= Chestnut Hill (novel series) =

Novel series

Chestnut Hill is a novel series created by Lauren Brooke. Chestnut Hill is a spin off series to the Heartland series. The first book in the series, The New Class, was published in August 2005. The series revolves around four girls who live together at a boarding school in Virginia called Chestnut Hill, where they take classes and ride horses at a stable on the campus. Lauren Brooke has said that she went through a lot of preparation for this series, including listing and developing over one hundred names and drawing maps of her new setting. The books have four different perspectives, friends Dylan, Malory, Felicity (Honey) and Lani.

==Connecting series==
Author Lauren Brooke has created ties between her popular series Heartland and Chestnut Hill. Both series take place in Virginia. Readers that have read the last book in the Heartland series will see a definite connection. Amy, the main character of Heartland, gave a talk in the first novel and helped Malory solve the rusting issue with Tybalt in the second Chestnut Hill book, Making Strides as well.

==The novels==
1. The New Class (2005)
2. Making Strides (2005)
3. Heart of Gold (2006)
4. Playing for Keeps (2006)
5. The Scheme Team (Team Spirit in the UK) (2006)
6. All Or Nothing (2006)
7. Chasing Dreams (2008)
8. A Time to Remember (2008)
9. Helping Hands (2009)
10. Racing Hearts (2009)
11. A Chance to Shine (2009)
12. Far and Away (2010)

==The characters==

===Main characters===

Dylan Walsh - is friendly, witty and spontaneous, though sometimes sassy. Her aunt, Ali Carmichael, known to the students as Ms. Carmichael, is the Director of Riding at Chestnut Hill. She has wanted to attend Chestnut Hill since fourth grade, and becomes best friends with Honey, Lani, and Malory, while making quick enemies with Lynsey Harrison and Patience Duvall. She shares a room with Lynsey and Honey in books 1–6, and just with Lynsey in book 7 onwards. Dylan's favorite horse is called Morello. He is a piebald gelding owned by her Aunt Ali. Dylan met him when visiting her aunt's ranch in Kentucky and fell in love with him immediately. Dylan was glad to hear that Aunt Ali had brought him to Chestnut Hill with her. Dylan and Morello are noted to be very alike in personality. In the first book, Dylan makes substitute member of the junior jumping team. On a holiday, Dylan meets a cute French boy called Henri and wants him to be her boyfriend in the 4th book. Although she has no serious crushes, she is into romance and gets exited when her friends Malory and Honey start dating.

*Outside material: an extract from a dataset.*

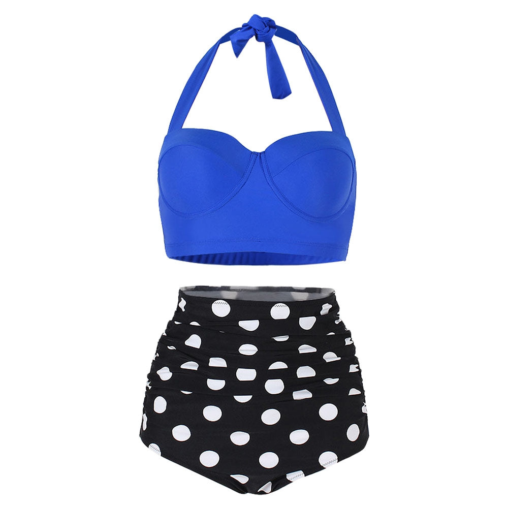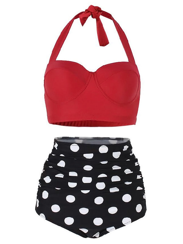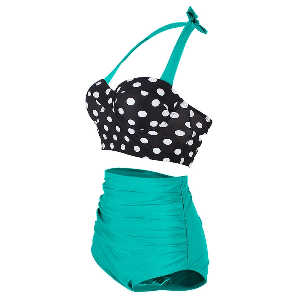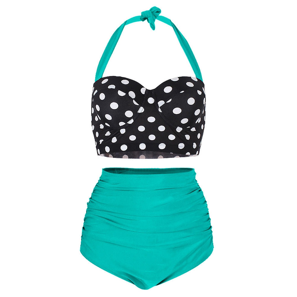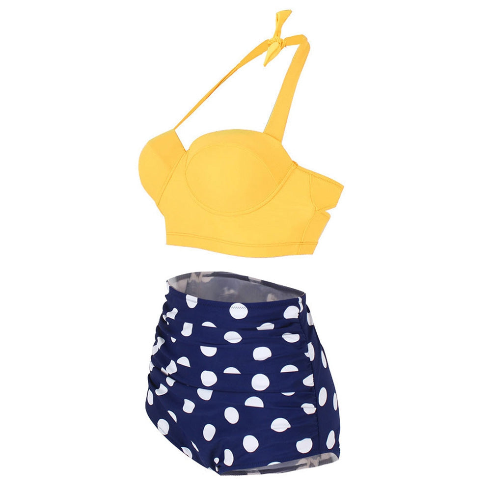 Dotted Ruched Halter Bikini Set
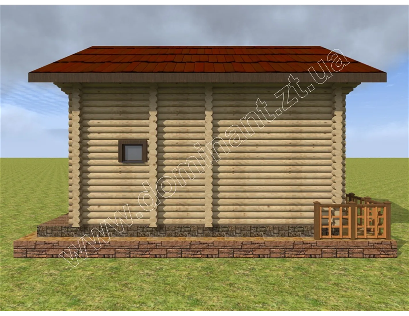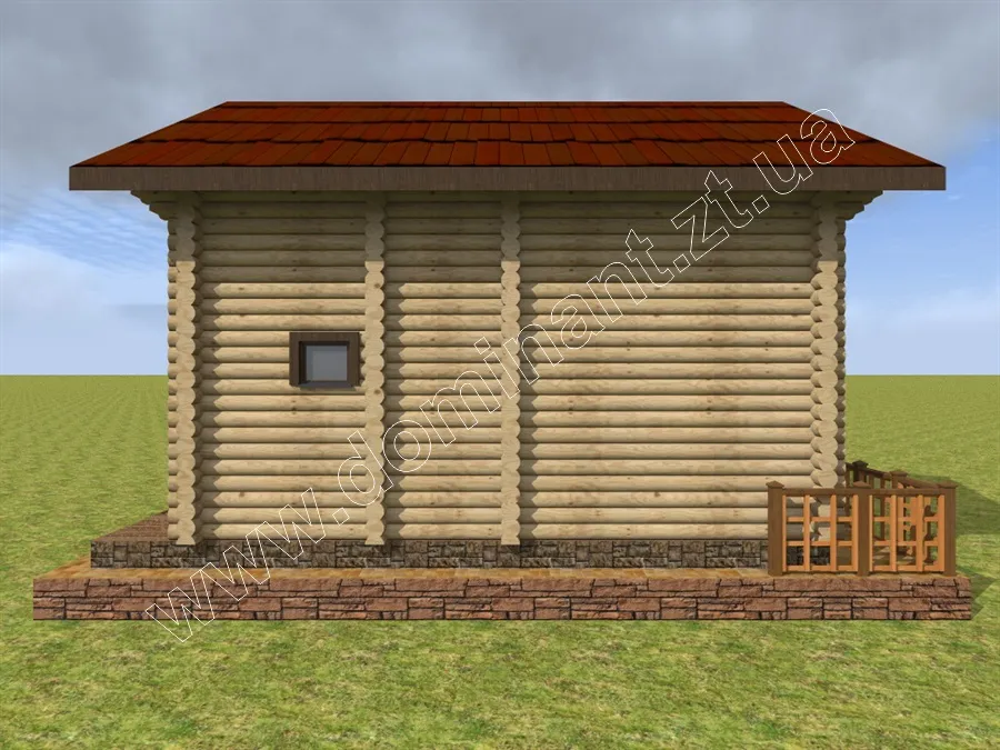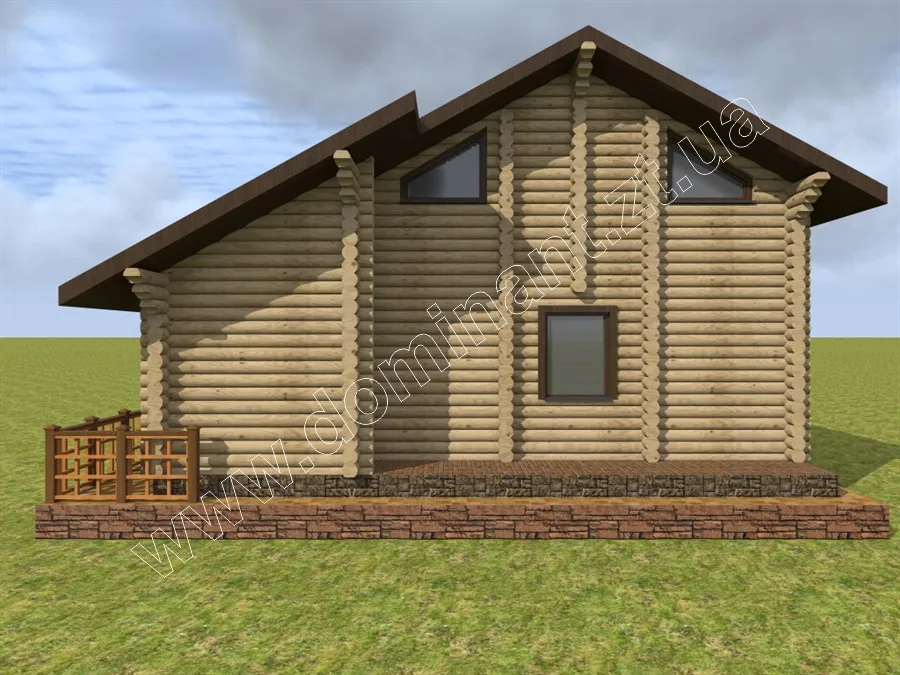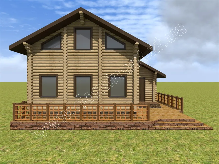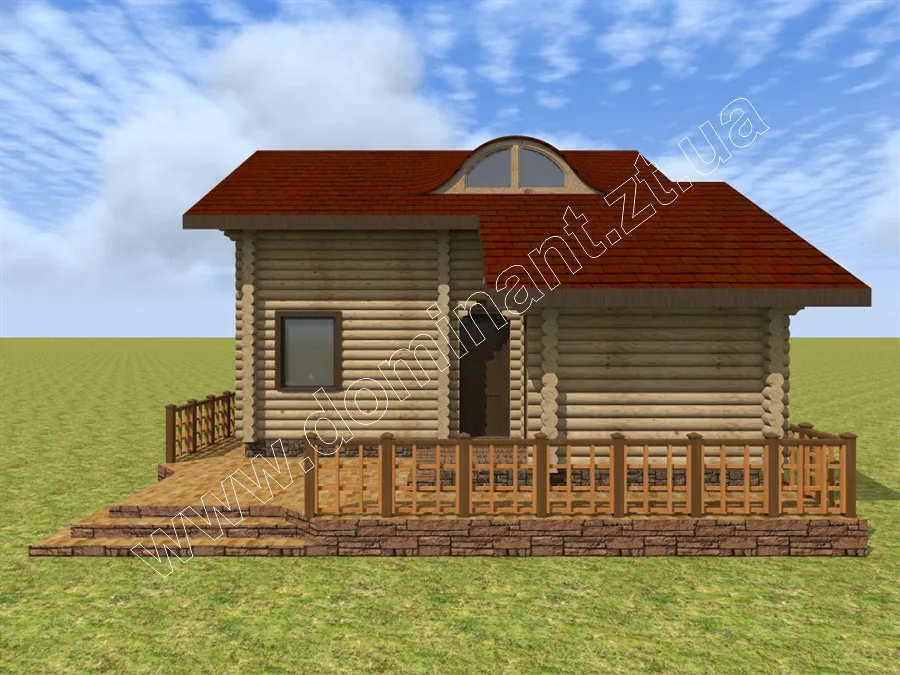 Майданчик навколо будинку, виділений фундаментом і ступенями, і огороджений фігурним парканчиком, грає роль відкритої тераси. Тут можна або встановити тимчасовий павільйон з легкої тканини, що захистить від спеки і відкритих сонячних променів, або додати криту терасу. Визначитися з цим вам допоможе наша стаття «Тераса: ідеї оформлення dominant-wood.com.ua/uk/blog/statti/terasa-idei-oformlennya. Також при виборі матеріалів для будівництва варто ознайомитися з нашою статтею: «З чого будувати будинок? Порівнюємо різні матеріали для будівництва будинку» dominant-wood.com.ua/uk/blog/statti/z-chogo-buduvati-budinok.

Malory O'Neil - came to Chestnut Hill on a scholarship after winning the prestigious Rockwell Award, given out by Diane Rockwell, a former student at the school who felt that she had to give the chance at the fabulous school to less wealthy girls. Malory does not pay much attention to fashion, and seems to lack self-confidence at times, but never around horses. She is a shy Irish American girl and finds it difficult to talk about personal issues. She is close friends with Dylan, Honey, and Lani. Malory is an only child. Her mother died a year prior to the first book and her father is a shoe shop owner. Her father is not very wealthy which is a fact Lynsey Harrison reminds her of frequently. Malory met a boy, Caleb Smith, from Saint Christopher's, the neighbouring boys' school, over the summer. They went on a few dates, broke up due to a disagreement about the importance of winning, and then reunited in All or Nothing. She shares rooms with Lani and Alexandra in books 1-6 and just with Alexandra in book 7 onwards. Malory's favorite horse is Tybalt, a gorgeous dark brown Thoroughbred gelding. Malory came across him when she and Dylan went with Ms. Carmichael to purchase some horses. They had only planned to buy Foxy Lady and Winter Wonderland "Winnie", but Malory persuaded Ali to buy Tybalt as well, since he reminded her of the horse she learnt to ride on, Zanzibar. Ali took Tybalt on a short lease for a while and then decided to keep him after Malory and Amy helped him settle down. Soon after he was good enough to become Malory's show horse, and although Lynsey says he is unreliable, he is less nervous and skittish as time goes on.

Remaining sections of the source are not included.